◆ YOUR OBJECTIVE ◆
From the entries below, retype only the lines from the one with "Dim Culotte Femme" through the one with "8-9mm pearl and", exactly as written.

(RECORDED INFORMATION begins)

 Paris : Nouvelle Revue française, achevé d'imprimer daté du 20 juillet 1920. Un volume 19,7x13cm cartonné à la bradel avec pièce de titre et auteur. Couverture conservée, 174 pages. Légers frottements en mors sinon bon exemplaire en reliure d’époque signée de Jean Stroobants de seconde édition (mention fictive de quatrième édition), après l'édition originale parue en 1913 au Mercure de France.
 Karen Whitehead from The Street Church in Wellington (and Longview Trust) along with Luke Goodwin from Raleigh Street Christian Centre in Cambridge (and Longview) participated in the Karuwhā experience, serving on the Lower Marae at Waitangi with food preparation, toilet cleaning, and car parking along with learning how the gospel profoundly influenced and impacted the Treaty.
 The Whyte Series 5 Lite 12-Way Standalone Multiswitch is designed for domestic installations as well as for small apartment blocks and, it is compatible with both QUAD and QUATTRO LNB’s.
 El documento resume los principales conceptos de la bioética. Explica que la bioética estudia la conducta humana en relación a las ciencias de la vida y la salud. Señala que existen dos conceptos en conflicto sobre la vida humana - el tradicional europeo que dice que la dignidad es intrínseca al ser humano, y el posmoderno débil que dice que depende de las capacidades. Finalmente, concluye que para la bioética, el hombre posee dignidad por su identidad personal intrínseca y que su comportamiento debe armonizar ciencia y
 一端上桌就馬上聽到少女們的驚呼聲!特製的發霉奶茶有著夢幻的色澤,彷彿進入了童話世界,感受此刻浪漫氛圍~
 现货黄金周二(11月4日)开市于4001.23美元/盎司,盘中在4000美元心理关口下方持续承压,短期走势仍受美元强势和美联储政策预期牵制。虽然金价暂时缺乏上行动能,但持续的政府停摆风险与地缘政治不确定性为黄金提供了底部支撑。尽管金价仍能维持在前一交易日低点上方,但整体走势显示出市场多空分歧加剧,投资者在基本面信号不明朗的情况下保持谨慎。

(RECORDED INFORMATION ends)
(RECORDED INFORMATION begins)

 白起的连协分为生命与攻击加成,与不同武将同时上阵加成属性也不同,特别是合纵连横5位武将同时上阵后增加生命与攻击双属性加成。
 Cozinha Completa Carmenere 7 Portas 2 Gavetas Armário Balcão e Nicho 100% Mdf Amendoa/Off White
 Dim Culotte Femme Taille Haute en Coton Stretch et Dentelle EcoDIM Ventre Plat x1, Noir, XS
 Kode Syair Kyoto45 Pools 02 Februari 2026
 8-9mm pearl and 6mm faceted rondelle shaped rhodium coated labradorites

(RECORDED INFORMATION ends)

◆ OUTPUT BELOW ◆
 Dim Culotte Femme Taille Haute en Coton Stretch et Dentelle EcoDIM Ventre Plat x1, Noir, XS
 Kode Syair Kyoto45 Pools 02 Februari 2026
 8-9mm pearl and 6mm faceted rondelle shaped rhodium coated labradorites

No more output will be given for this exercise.